Member of Parliament for Reigate
- In office 23 February 1950 – 29 May 1970
- Preceded by: Constituency redrawn
- Succeeded by: Geoffrey Howe

Member of the House of Lords Lord Temporal
- In office 2 July 1970 – 26 January 1995 Life Peerage

Personal details
- Born: 2 February 1905
- Died: 26 January 1995 (aged 89)

= John Vaughan-Morgan, Baron Reigate =

British Conservative Party politician

John Kenyon Vaughan-Morgan, Baron Reigate, (2 February 1905 – 26 January 1995), known as Sir John Vaughan-Morgan, Bt, between 1960 and 1970, was a British Conservative Party politician.

==Family and early life==
Vaughan-Morgan was the younger son of Sir Kenyon Pascoe Vaughan-Morgan, an army officer and Conservative member of parliament.

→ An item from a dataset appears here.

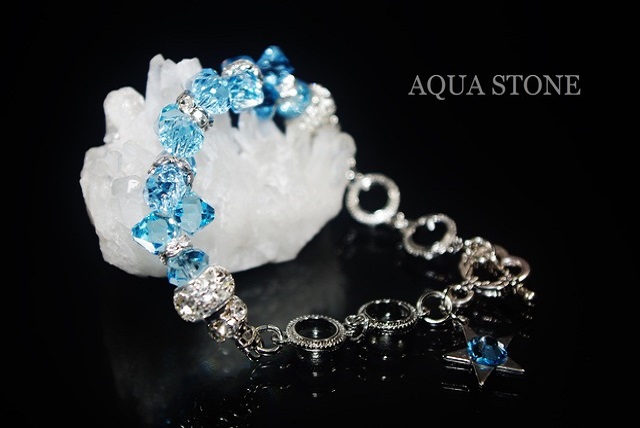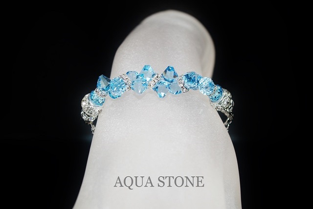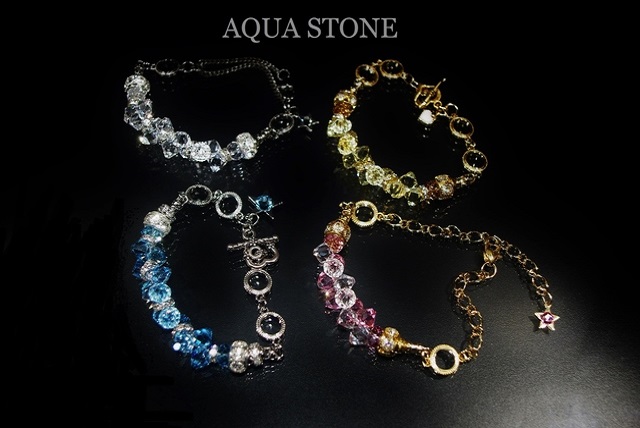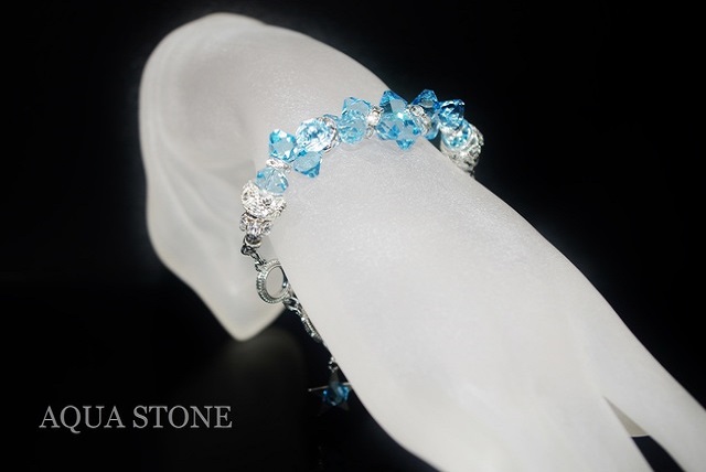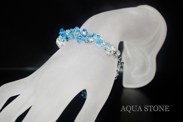 スワロフスキーは先日入荷した#6301アクアマリンで、こちらはコンビカラーにしないでアクアマリン一色にしましたが、

His great-uncle was the Liberal politician Octavius Vaughan Morgan. He was educated at Eton College and Christ Church, Oxford.

==Career==
In 1928 he entered politics when he was elected to Chelsea Borough Council in London, and was chairman of East Fulham Conservative Association, the constituency previously represented by his father, from 1935 to 1938.

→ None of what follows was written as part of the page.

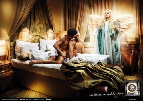 Easy tiger, it’s the latest safe sex campaign ‘AIDS Hilfe Wien’ in Austria. When you wear a condom, it’s like the angels watching over you and protecting you. ok? The ads were photographed by Oliver Gast for ad agency PKP with art direction by Daniela Reichmann and creative direction by Roman Sindelar & Erich Enzenberger.

In 1940 he married Emily Cross of New York City. The Second World War had broken out in 1939, and shortly after his marriage Vaughan-Morgan enlisted in the Welsh Guards. He spent the next five years in continuous active service outside the United Kingdom, ending the war as a staff officer for the 21st Army Group.

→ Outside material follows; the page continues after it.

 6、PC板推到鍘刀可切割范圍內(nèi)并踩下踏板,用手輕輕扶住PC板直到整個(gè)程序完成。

After the war he was elected to the London County Council to represent Chelsea in 1946, remaining on the council until 1952. At the 1950 general election he was elected to the Commons as Member of Parliament for Reigate in Surrey, holding the seat for twenty years until his retirement at the 1970 election. In 1957, he was Parliamentary Secretary to the Ministry of Health, and a Minister of State at the Board of Trade from 1957 to 1959. Following the 1959 general election he returned to the backbenches.

==Honours and arms==
He was created a baronet, of Outwood in the County of Surrey, in the New Year Honours 1960 "for political and public services", and was appointed to the Privy Council in the 1961 Birthday Honours.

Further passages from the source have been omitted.